NEW YORK (CNNMoney) -- Friday was the 155th day the federal government has operated without a budget, and some lawmakers spent it arguing over nickels and dimes.
Republican Sens. Jim DeMint of South Carolina and Tom Coburn of Oklahoma introduced a bill Friday that would save a little more than $400 million a year by stripping all federal funding for the Corporation for Public Broadcasting. (Budget Held Hostage: Day 154)
That's $400 million with an "m," not a "b" -- and it pales in comparison to the roughly $3.5 trillion the government will spend this year.
Still, the senators framed the issue as a fiscal plus.
"Our nation is on the edge of bankruptcy and Congress must make some tough choices to rein in spending, but ending taxpayer subsidies of public broadcasting should be an easy decision," DeMint said in a statement.
Indeed, every little bit counts. But a squabble over funding for NPR and PBS does nothing to advance the discussion over the prime issue in the next two weeks: How to avoid a government shutdown.
Lawmakers' deadline is March 18, when the latest short-term spending bill -- the fifth this year -- expires. That's the game of chicken the government has been playing since the fiscal year started on Oct. 1.
On Friday, President Obama sent his top lieutenants to Capitol Hill to start negotiations with Republicans on a compromise bill. It would appear that little progress was made.
The White House put an additional $6.5 billion in cuts on the table, but Republicans are hoping to cut ten times that, and have already passed a bill in the House that would do just that.
The bill is called H.R. 1, and it would also strip funds for public broadcasting.
Democrats in the Senate, as well as President Obama, have declared that bill a non-starter. They object not only to the total amount of spending cuts, but the ideological bent of some items.
As if to prove their point, DeMint railed against NPR and PBS for accepting donations from liberal organizations like MoveOn.org and a group backed by liberal financier George Soros in an op-ed published Friday in the Wall Street Journal.

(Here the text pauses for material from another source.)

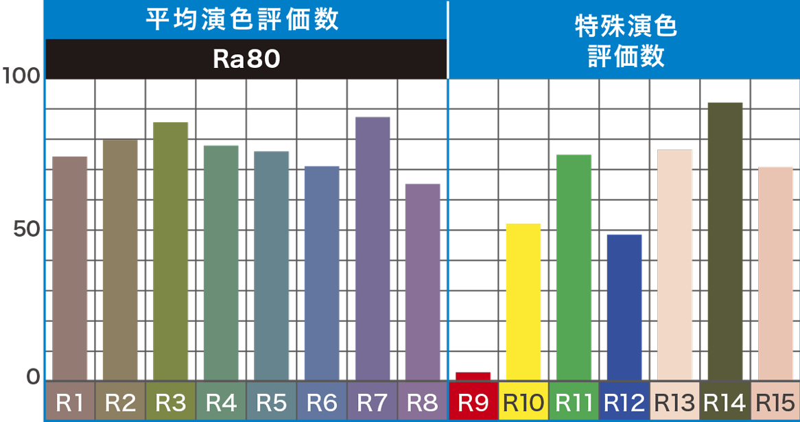 忠実な色味の再現性を必要とする色評価用光源にはRaだけでなく、R9~R15などの特殊演色評価数も高い性能が要求されます。エコリカでは青色LEDでは再現が難しい赤(R9)や日本人の肌色(R15)などキーとなる色味においてAAA蛍光ランプ以上の再現性を実現しております。

"Highly successful, brand-name public programs like Sesame Street make millions on their own," DeMint said, citing sales from toys and consumer products. "With earnings like that, Big Bird doesn't need the taxpayers to help him compete against the Nickelodeon cable channel's Dora the Explorer."
A spokeswoman for Sesame Workshop, which produces "Sesame Street," would not comment on the proposal, but the company's website says that 93% of production costs for the show are covered by licensing activities or corporate sponsorships.
The bill introduced Friday by Coburn and DeMint might be the start of an effort to isolate some of those controversial political issues and jump them onto another legislative track.
But regardless of the legislative vehicle, stripping public broadcasting of funds will be met with a fierce outcry from supporters of NPR and PBS.
There is already a small army of lobbyists on Capitol Hill lobbying in defense of the funding, which the organizations insist provide a crucial boost to their budgets.
A vast majority of federal funds directed to CPB trickle down to local stations, and if those funding levels are cut, supporters of public broadcasting say, many stations, especially in rural areas, would be significantly impacted.
And that, after years of fighting over the issue, seems to be where the two sides part.
"The federal government has no business picking winners and losers in today's highly competitive media environment. NPR and CPB will do just fine without largesse from Washington," Coburn said in a statement.